[Recorded data]
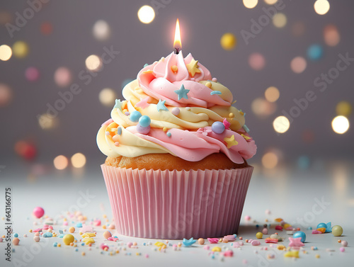 Birthday cupcake with a candle on a light pink background. Generative Ai
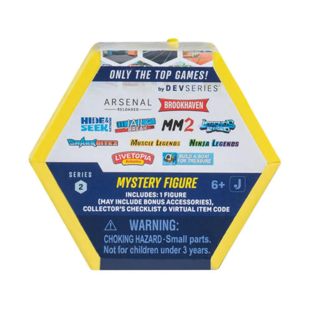 Create the ultimate play experience with DevSeries Mystery Figures. Blinds include one of 24 assorted 2.75-inch action figures and feature popular characters from the following games: Arsenal Reloaded, Build a Boat for Treasure, Brookhaven, Hide and Seek Extreme, Jailbreak, Legends of Speed, Livetopia, Murder Mystery 2, Muscle Legends, Ninja Legends, and SharkBite 2. Each figure has Mix and Match capability so you can put your own spin on each character. Blinds also include an Exclusive Virtual Item Code that unlocks a unique accessory for your avatar. Collect all 24 DevSeries Mystery Figures and showcase your love for game devs. Officially licensed product from Jazwares. Ages 8+
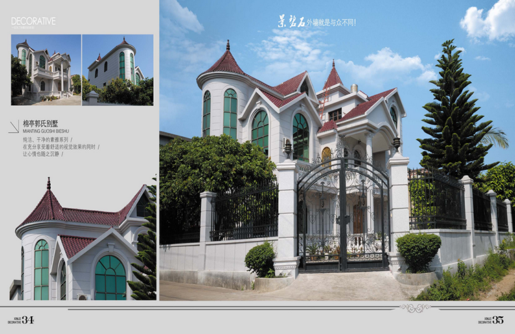 適用于山莊別墅、酒店、賓館、娛樂場所、商業會所等建筑物內外墻大面積使用。
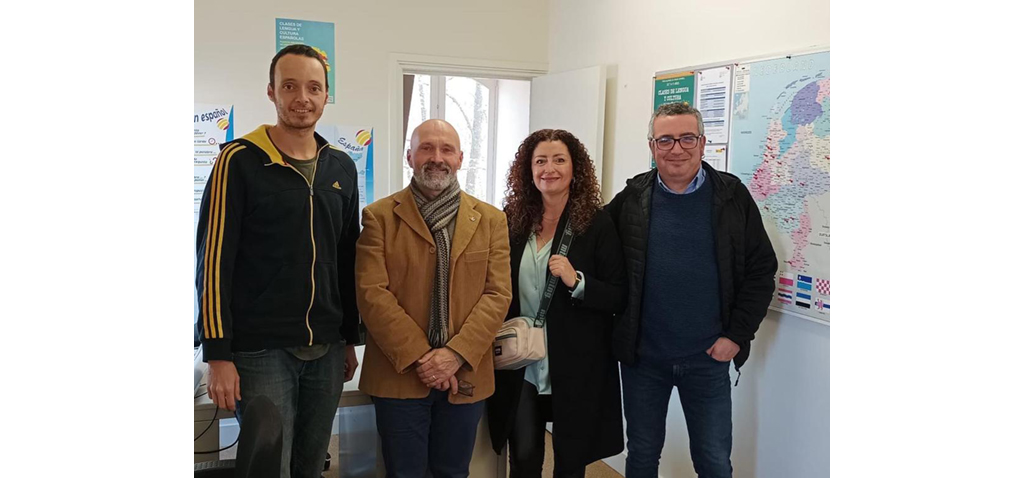 Una delegación de la Universidad de Cádiz, encabezada por el director General de Política Lingüística, Javier de Cos, junto a los coordinadores de Programas Internacionales del Centro Superior de Lenguas Modernas (CSLM), María Fernández y Arkaitz Errazkin, respectivamente, ha visitado recientemente los Países Bajos para establecer lazos colaborativos con el Instituto Cervantes de Utrecht. La directora del Instituto Cervantes en Países Bajos, Pilar Tena, les ha recibido en compañía del jefe de Estudios del centro español en Utrecht, Alberto Madrona, y del coordinador administrativo, Luis Campillo.
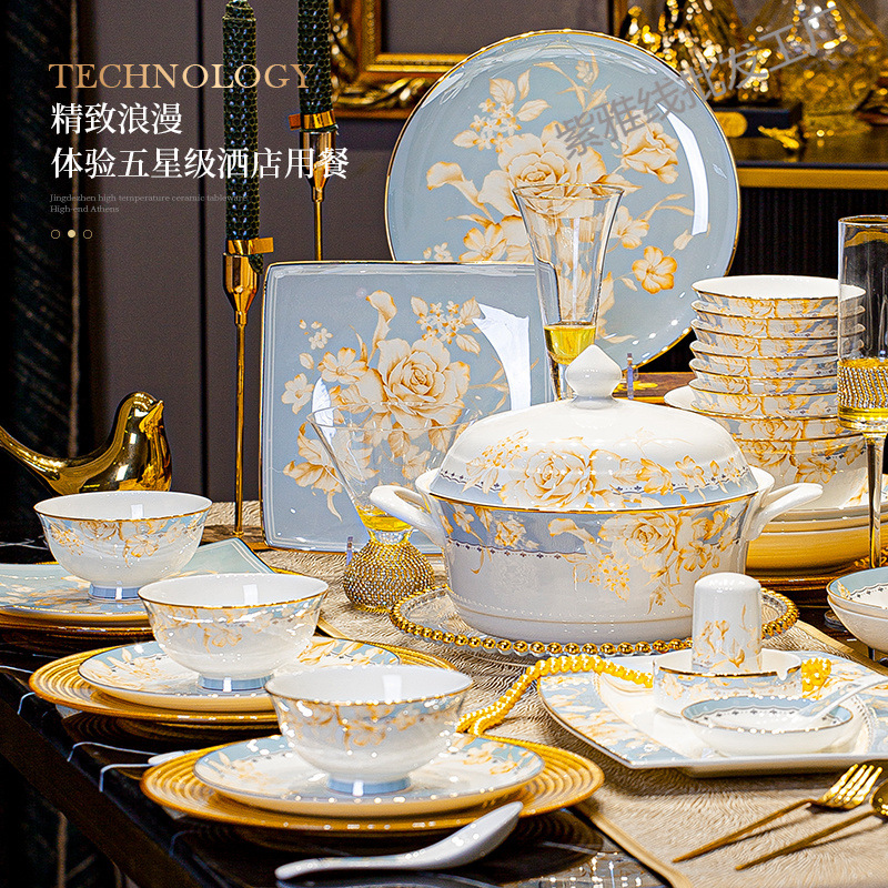 新しいセラミック家庭用食器、食器、磁器セット、軽くて豪華な新築祝いの組み合わせ、実用的で耐久性のある完全なセット

WHAT YOU ARE ASKED TO DO -
An exact copy is required of the lines from the one holding "Create the ultimate" to the end of the entries above, both included; no pictures belong in it.

TASK RESULT -
 Create the ultimate play experience with DevSeries Mystery Figures. Blinds include one of 24 assorted 2.75-inch action figures and feature popular characters from the following games: Arsenal Reloaded, Build a Boat for Treasure, Brookhaven, Hide and Seek Extreme, Jailbreak, Legends of Speed, Livetopia, Murder Mystery 2, Muscle Legends, Ninja Legends, and SharkBite 2. Each figure has Mix and Match capability so you can put your own spin on each character. Blinds also include an Exclusive Virtual Item Code that unlocks a unique accessory for your avatar. Collect all 24 DevSeries Mystery Figures and showcase your love for game devs. Officially licensed product from Jazwares. Ages 8+
 適用于山莊別墅、酒店、賓館、娛樂場所、商業會所等建筑物內外墻大面積使用。
 Una delegación de la Universidad de Cádiz, encabezada por el director General de Política Lingüística, Javier de Cos, junto a los coordinadores de Programas Internacionales del Centro Superior de Lenguas Modernas (CSLM), María Fernández y Arkaitz Errazkin, respectivamente, ha visitado recientemente los Países Bajos para establecer lazos colaborativos con el Instituto Cervantes de Utrecht. La directora del Instituto Cervantes en Países Bajos, Pilar Tena, les ha recibido en compañía del jefe de Estudios del centro español en Utrecht, Alberto Madrona, y del coordinador administrativo, Luis Campillo.
 新しいセラミック家庭用食器、食器、磁器セット、軽くて豪華な新築祝いの組み合わせ、実用的で耐久性のある完全なセット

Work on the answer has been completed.